对象存储系统Swift技术详解：综述与概念（上）

about云腾讯认证空间

本帖最后由 pig2 于 2014-10-7 00:37 编辑
问题导读

1.Proxy Server的作用是什么？
2.对象服务器作用是什么？
3.容器服务器首要工作是什么？

1.Swift架构概述

1.1 Proxy Server 代理服务器

代理服务器负责Swift架构的其余组件间的相互通信。对于每个客户端的请求，它将在环中查询帐号、容器或者对象的位置并且相应地转发请求。也可以使用公共API向代理服务器发送请求。

代理服务器也处理大量的失败请求。例如，如果对于某个对象PUT请求时，某个存储节点不可用，它将会查询环可传送的服务器并转发请求。

对象以流的形式到达（来自）对象服务器，它们直接从代理服务器传送到（来自）用户—代理服务器并不缓冲它们。

1.2 The Ring 环

环表示存储在硬盘上的实体名称和物理位置间的映射。帐号、容器、对象都有相应的环。当swift的其它组件(比如复制)要对帐号、容器或对象操作时，需要查询相应的环来确定它在集群上的位置。

环使用区域、设备、虚节点和副本来维护这些映射信息。环中每个虚节点在集群中都(默认)有3个副本。每个虚节点的位置由环来维护,并存储在映射中。当代理服务器转发的客户端请求失败时，环也负责决定由哪一个设备来接手请求。

环使用了区域的概念来保证数据的隔离。每个虚节点的副本都确保放在了不同的区域中。一个区域可以是一个磁盘，一个服务器，一个机架，一个交换机，甚至是一个数据中心。

在swift安装的时候，环的虚节点会均衡地划分到所有的设备中。当虚节点需要移动时(例如新设备被加入到集群)，环会确保一次移动最少数量的虚节点数，并且一次只移动一个虚节点的一个副本。
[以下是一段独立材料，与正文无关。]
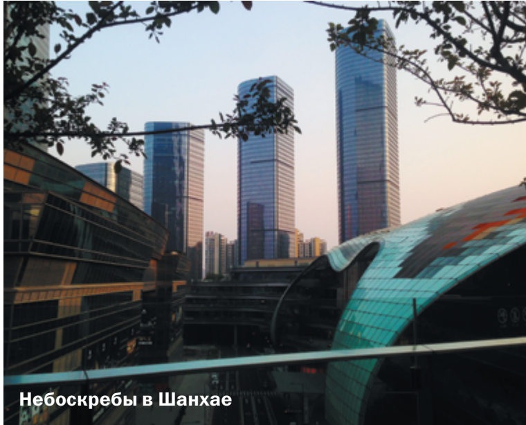
Небоскребы в Шанхае

В 95% случаев это правда, потому что для китайца покинуть свою страну – довольно большая проблема. Правительство боится, что путешественникам понравится в другой стране, и они переедут туда. Оно предпочитает, чтобы все ценные кадры и трудовые ресурсы оставались в стране, поэтому выехать из Китая нелегко. Чаще всего дают групповые визы. Китайцы любят общность, чувствуют себя некомфортно в одиночестве среди иностранцев, потому что они, по большей части, не говорят по-английски. Они предпочитают сбиться в кучу и нанять экскурсовода, который с комфортом повезёт их в любую страну. Так китайцы более уверены, что будут в безопасности. С группами обязательно ездит человек от партии, который специально следит, чтобы их не завербовали. Молодые могут путешествовать парами, хотя для этого им нужно сдать множество разных справок и дать гарантию, что они вернутся через две недели, а не останутся в другой стране.

权重可以用来平衡集群中虚节点在驱动器上的分布。例如，当不同大小的驱动器被用于集群中时就显得非常有用。

ring被代理服务器和一些后台程序使用（如replication）。

1.3 Object Server 对象服务器

对象服务器是一个简单的二进制大对象存储服务器，可以用来存储、检索和删除本地设备上的对象。在文件系统上，对象以二进制文件的形式存储，它的元数据存储在文件系统的扩展属性(xattrs)中。这要求用于对象服务器的文件系统需要支持文件有扩展属性。一些文件系统，如ext3，它的xattrs属性默认是关闭的。
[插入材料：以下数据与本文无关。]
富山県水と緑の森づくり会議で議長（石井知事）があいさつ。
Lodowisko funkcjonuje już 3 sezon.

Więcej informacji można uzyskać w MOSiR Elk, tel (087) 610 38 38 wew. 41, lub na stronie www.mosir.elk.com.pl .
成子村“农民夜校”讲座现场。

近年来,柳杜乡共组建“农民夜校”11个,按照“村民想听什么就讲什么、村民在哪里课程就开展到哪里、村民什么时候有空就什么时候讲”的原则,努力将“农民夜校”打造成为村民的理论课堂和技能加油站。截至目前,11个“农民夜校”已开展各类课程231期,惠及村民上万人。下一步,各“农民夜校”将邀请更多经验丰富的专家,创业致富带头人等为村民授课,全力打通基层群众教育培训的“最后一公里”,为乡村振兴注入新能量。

每个对象使用对象名称的哈希值和操作的时间戳组成的路径来存储。最后一次写操作总可以成功，并确保最新一次的对象版本将会被处理。删除也被视为文件的一个版本（一个以".ts"结尾的0字节文件，ts表示墓碑）。这确保了被删除的文件被正确地复制并且不会因为遭遇故障场景导致早些的版本神奇再现。
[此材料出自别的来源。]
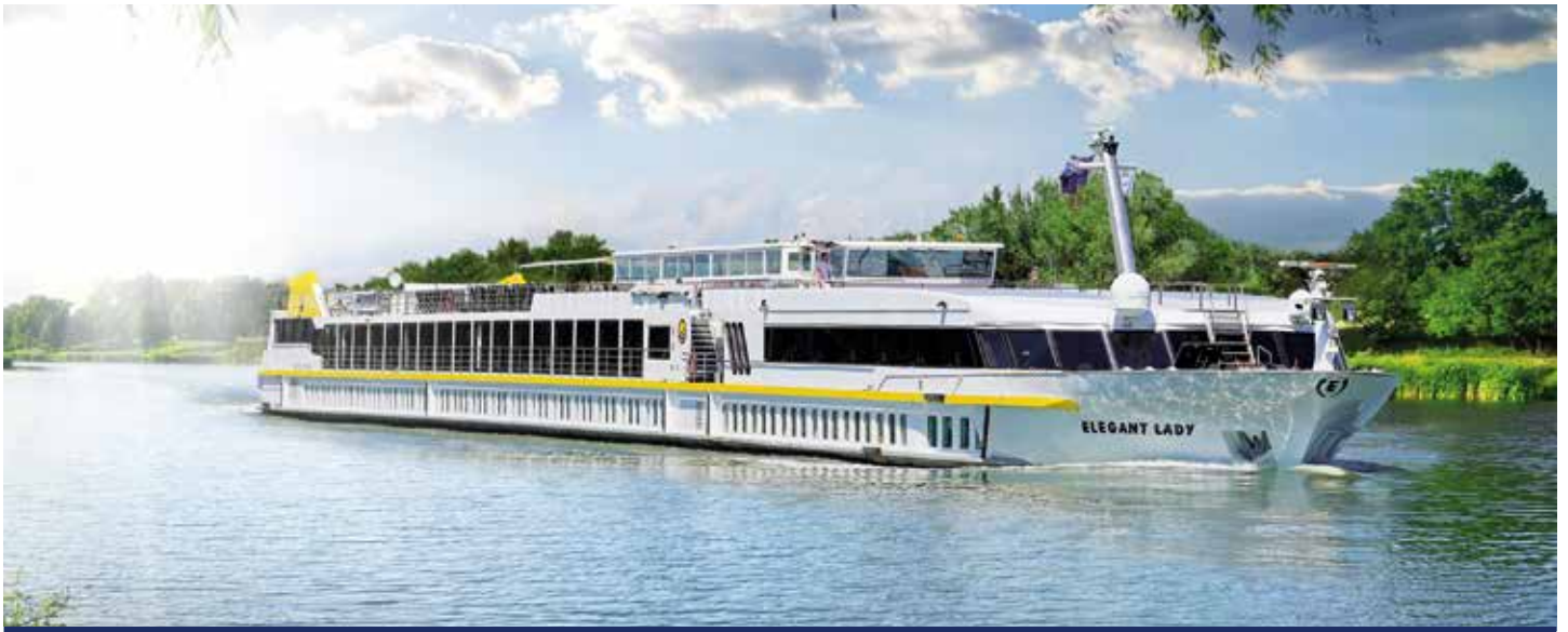
Reisen mit Stil und Komfort – MS ELEGANT LADY 🌞🌞🌞🌞

1.4 Container Server 容器服务器

容器服务器的首要工作是处理对象的列表。容器服务器并不知道对象存在哪，只知道指定容器里存的哪些对象。这些对象信息以sqlite数据库文件的形式存储，和对象一样在集群上做类似的备份。容器服务器也做一些跟踪统计，比如对象的总数，容器的使用情况。

1.5 Account Server 帐号服务器

帐号服务器与容器服务器非常相似，除了它是负责处理容器的列表而不是对象。

1.6 Replication 复制

复制是设计在面临如网络中断或者驱动器故障等临时性故障情况时来保持系统的一致性。

复制进程将本地数据与每个远程拷贝比较以确保它们都包含有最新的版本。对象复制使用一个哈希列表来快速地比较每个虚节点的子段，容器和帐号的复制使用哈希值和共享的高水位线的组合进行版本比较。

复制更新基于推模式的。对于对象的复制，更新只是使用rsync同步文件到对等节点。帐号和容器的复制通过HTTP或rsync来推送整个数据库文件上丢失的记录。

复制器也确保数据已从系统中移除。当有一项（对象、容器、或者帐号）被删除，则一个墓碑文件被设置作为该项的最新版本。复制器将会检测到该墓碑文件并确保将它从整个系统中移除。

1.7 Updaters 更新器

在一些情况下，容器或帐号中的数据不会被立即更新。这种情况经常发生在系统故障或者是高负荷的情况下。如果更新失败，该次更新在本地文件系统上会被加入队列，然后更新器会继续处理这些失败了的更新工作。最终，一致性窗口将会起作用。例如，假设一个容器服务器处于负荷之下，此时一个新的对象被加入到系统。当代理服务器成功地响应客户端的请求，这个对象将变为直接可用的。但是容器服务器并没有更新对象列表，因此此次更新将进入队列等待延后的更新。所以，容器列表不可能马上就包含这个新对象。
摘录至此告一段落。